HOW TO COMPLETE THIS TASK:
Your answer must be an exact copy of the entries, containing no images.

DATASET EXTRACT:
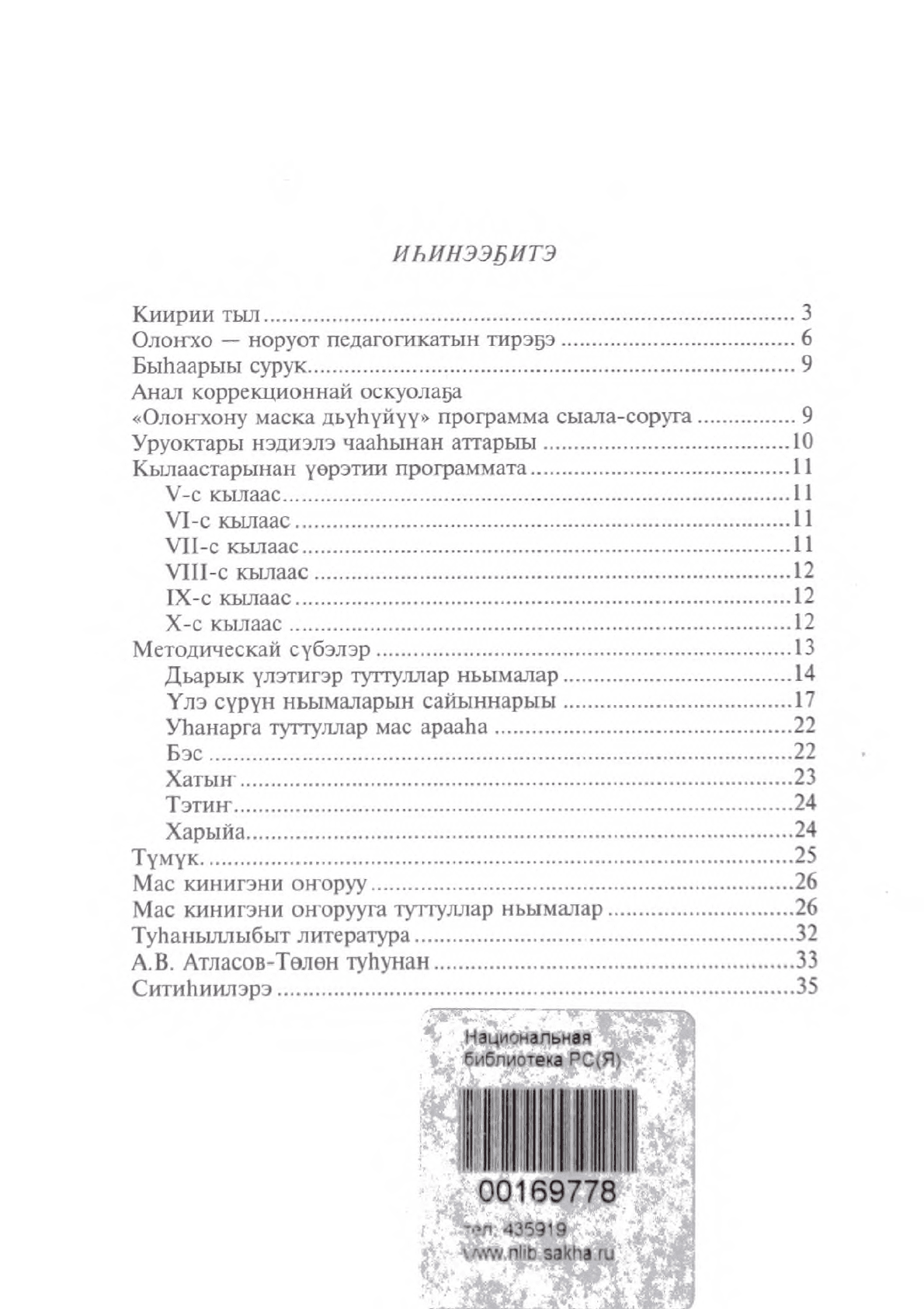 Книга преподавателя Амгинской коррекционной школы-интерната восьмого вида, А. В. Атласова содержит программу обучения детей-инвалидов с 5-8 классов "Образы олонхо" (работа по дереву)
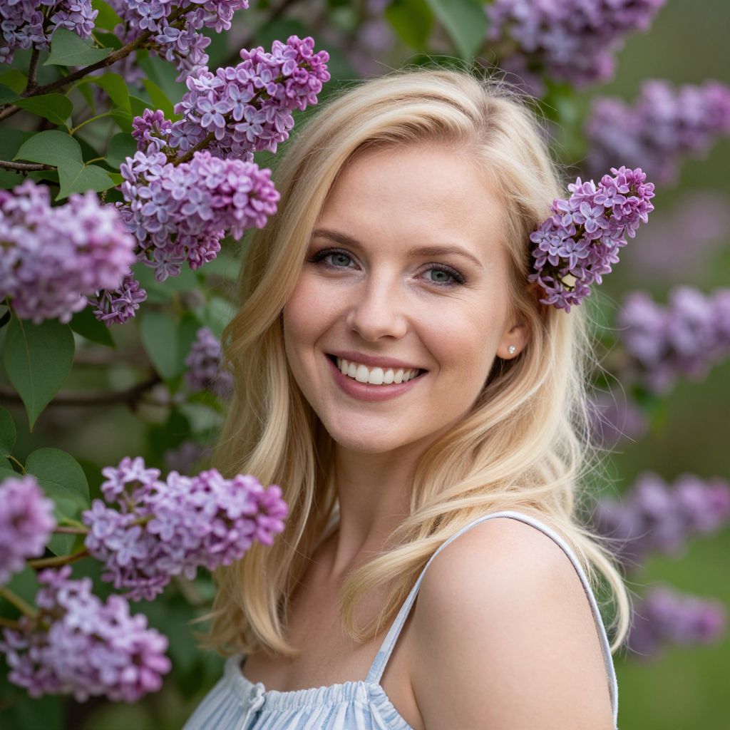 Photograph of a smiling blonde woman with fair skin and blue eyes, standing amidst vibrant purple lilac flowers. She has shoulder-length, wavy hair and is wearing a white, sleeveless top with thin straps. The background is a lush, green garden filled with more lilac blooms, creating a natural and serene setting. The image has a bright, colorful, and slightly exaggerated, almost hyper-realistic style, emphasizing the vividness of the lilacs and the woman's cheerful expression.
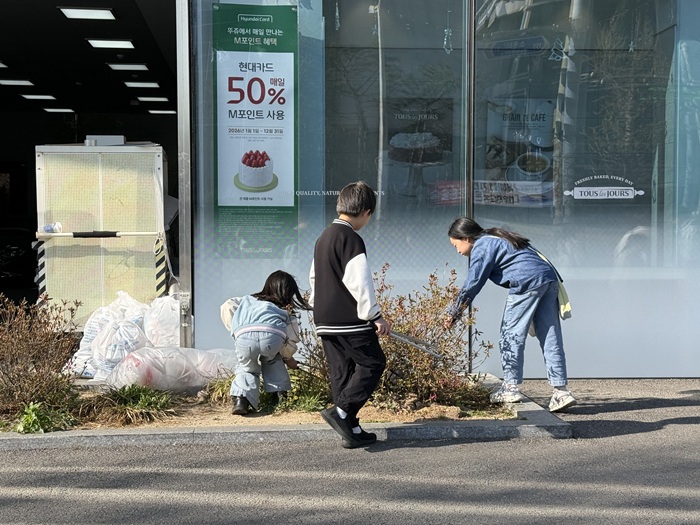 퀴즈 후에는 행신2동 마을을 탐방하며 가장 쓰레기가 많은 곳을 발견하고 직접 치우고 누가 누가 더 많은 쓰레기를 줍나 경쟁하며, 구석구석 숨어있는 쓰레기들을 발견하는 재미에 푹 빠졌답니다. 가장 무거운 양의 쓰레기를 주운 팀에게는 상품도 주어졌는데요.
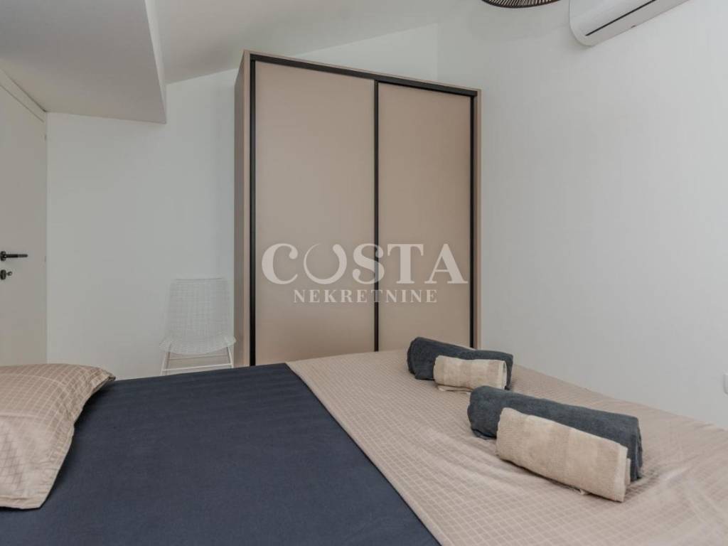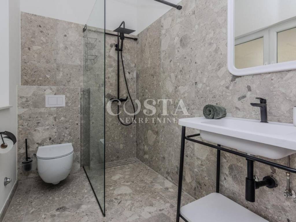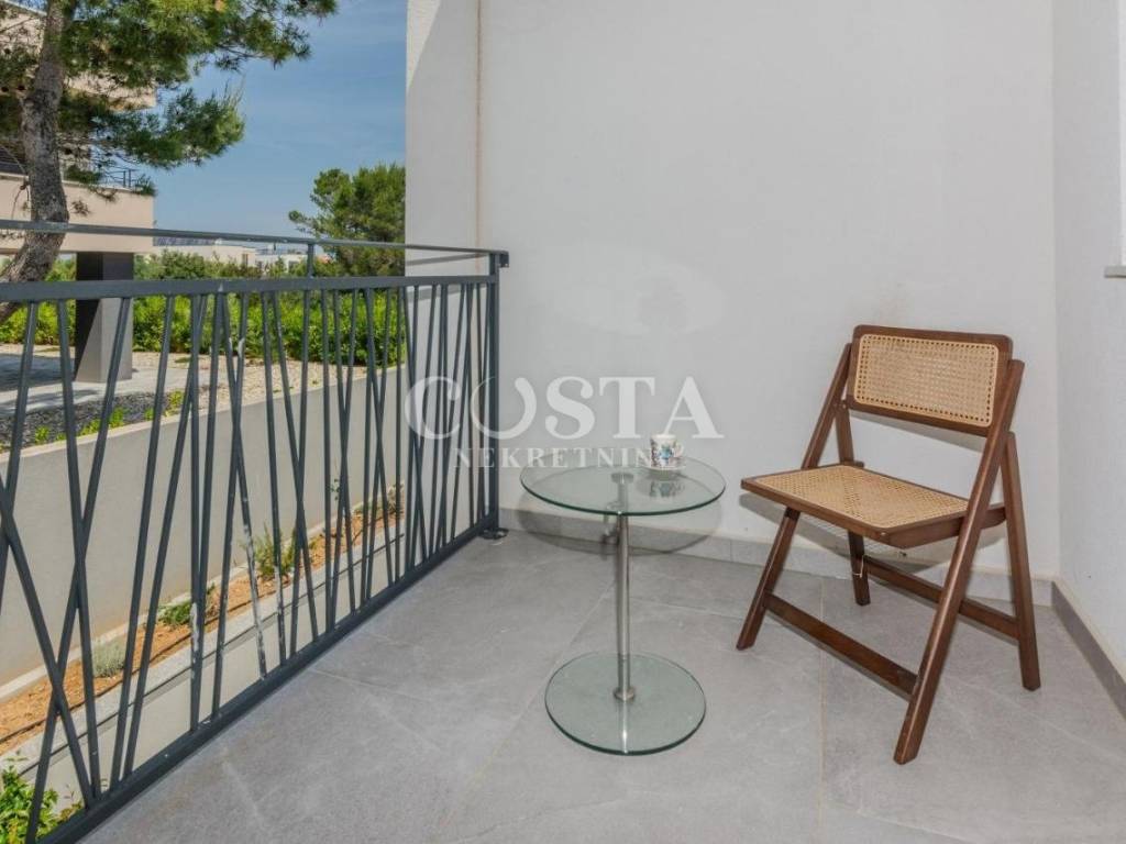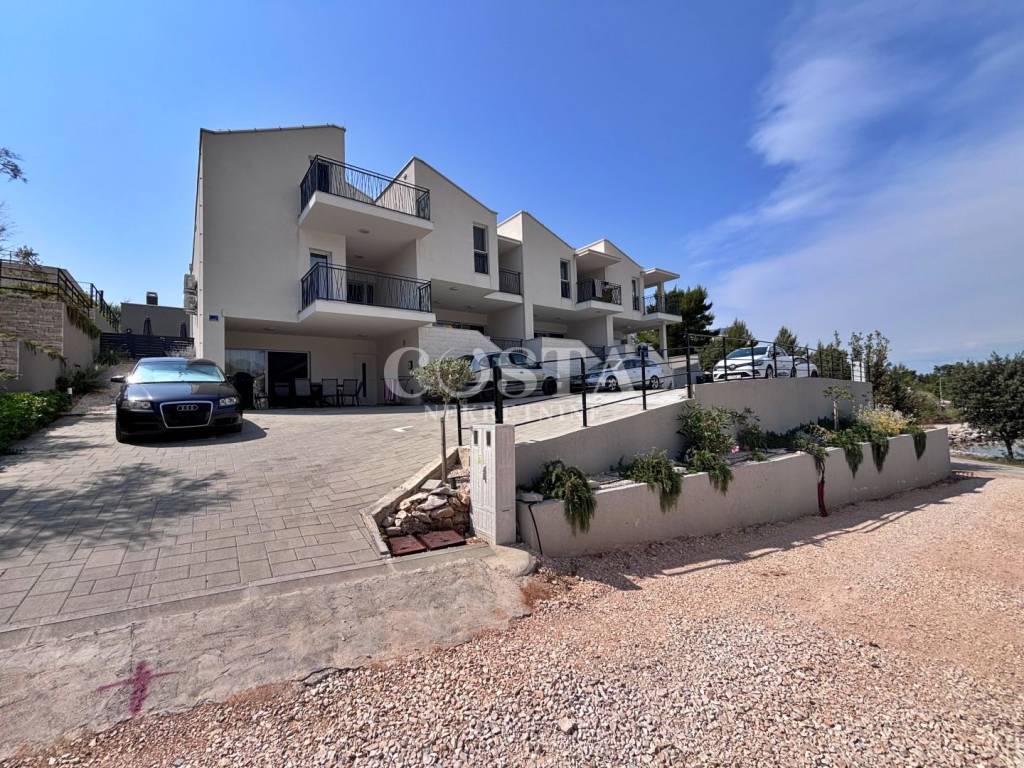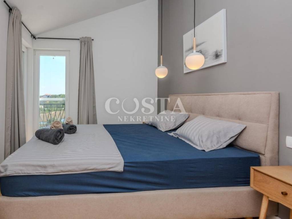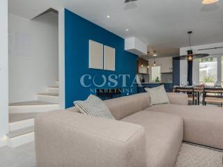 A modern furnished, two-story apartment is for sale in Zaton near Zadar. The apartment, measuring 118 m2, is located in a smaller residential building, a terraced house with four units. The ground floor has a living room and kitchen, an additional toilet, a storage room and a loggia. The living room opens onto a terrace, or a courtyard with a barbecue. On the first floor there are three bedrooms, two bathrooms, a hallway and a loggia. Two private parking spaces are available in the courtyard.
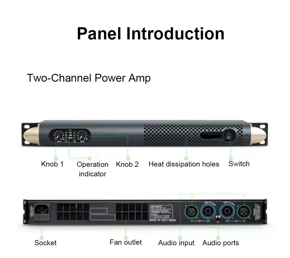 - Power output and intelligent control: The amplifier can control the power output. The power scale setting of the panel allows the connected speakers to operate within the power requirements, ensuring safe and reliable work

FINAL ANSWER:
 Книга преподавателя Амгинской коррекционной школы-интерната восьмого вида, А. В. Атласова содержит программу обучения детей-инвалидов с 5-8 классов "Образы олонхо" (работа по дереву)
 Photograph of a smiling blonde woman with fair skin and blue eyes, standing amidst vibrant purple lilac flowers. She has shoulder-length, wavy hair and is wearing a white, sleeveless top with thin straps. The background is a lush, green garden filled with more lilac blooms, creating a natural and serene setting. The image has a bright, colorful, and slightly exaggerated, almost hyper-realistic style, emphasizing the vividness of the lilacs and the woman's cheerful expression.
 퀴즈 후에는 행신2동 마을을 탐방하며 가장 쓰레기가 많은 곳을 발견하고 직접 치우고 누가 누가 더 많은 쓰레기를 줍나 경쟁하며, 구석구석 숨어있는 쓰레기들을 발견하는 재미에 푹 빠졌답니다. 가장 무거운 양의 쓰레기를 주운 팀에게는 상품도 주어졌는데요.
 A modern furnished, two-story apartment is for sale in Zaton near Zadar. The apartment, measuring 118 m2, is located in a smaller residential building, a terraced house with four units. The ground floor has a living room and kitchen, an additional toilet, a storage room and a loggia. The living room opens onto a terrace, or a courtyard with a barbecue. On the first floor there are three bedrooms, two bathrooms, a hallway and a loggia. Two private parking spaces are available in the courtyard.
 - Power output and intelligent control: The amplifier can control the power output. The power scale setting of the panel allows the connected speakers to operate within the power requirements, ensuring safe and reliable work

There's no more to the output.